**Your instructions**
Take the lines from the beginning of the material through the line containing "Сфера торговли остается" and retype them exactly, leaving the pictures out.

**Data block**

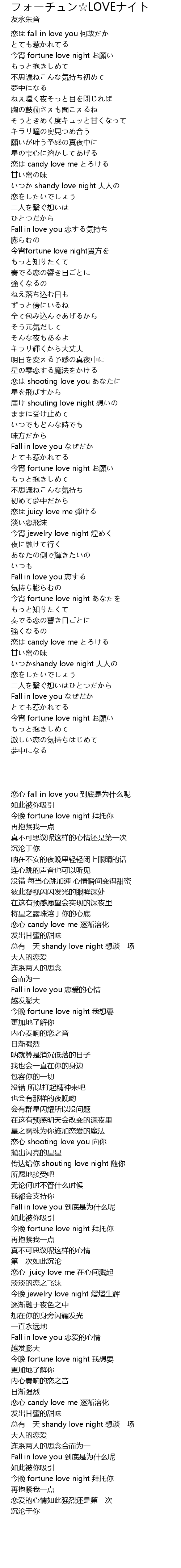 | [02:46.880] | 今宵 fortune love night お願い |
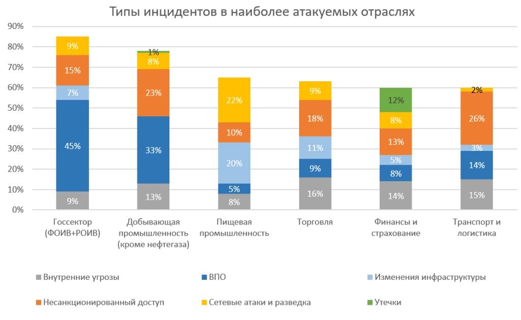 Сфера торговли остается «золотой жилой» для киберпреступников по всему миру за счет очень высокой зависимости от непрерывности бизнеса и ценности обрабатываемых данных (включая персональные данные клиентов, данные платежных карт и транзакции). Интересно, что здесь как раз сильно ниже категория вредоносного ПО – акцент смещается на внутренние угрозы и попытки несанкционированного доступа.
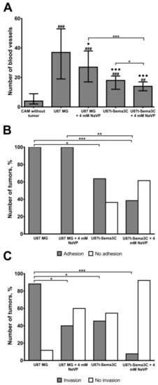 2.2. Sema3C and NaVP Effects on Vascularization and Invasiveness of U87 Cell-Formed Tumors

**Solved problem**
 | [02:46.880] | 今宵 fortune love night お願い |
 Сфера торговли остается «золотой жилой» для киберпреступников по всему миру за счет очень высокой зависимости от непрерывности бизнеса и ценности обрабатываемых данных (включая персональные данные клиентов, данные платежных карт и транзакции). Интересно, что здесь как раз сильно ниже категория вредоносного ПО – акцент смещается на внутренние угрозы и попытки несанкционированного доступа.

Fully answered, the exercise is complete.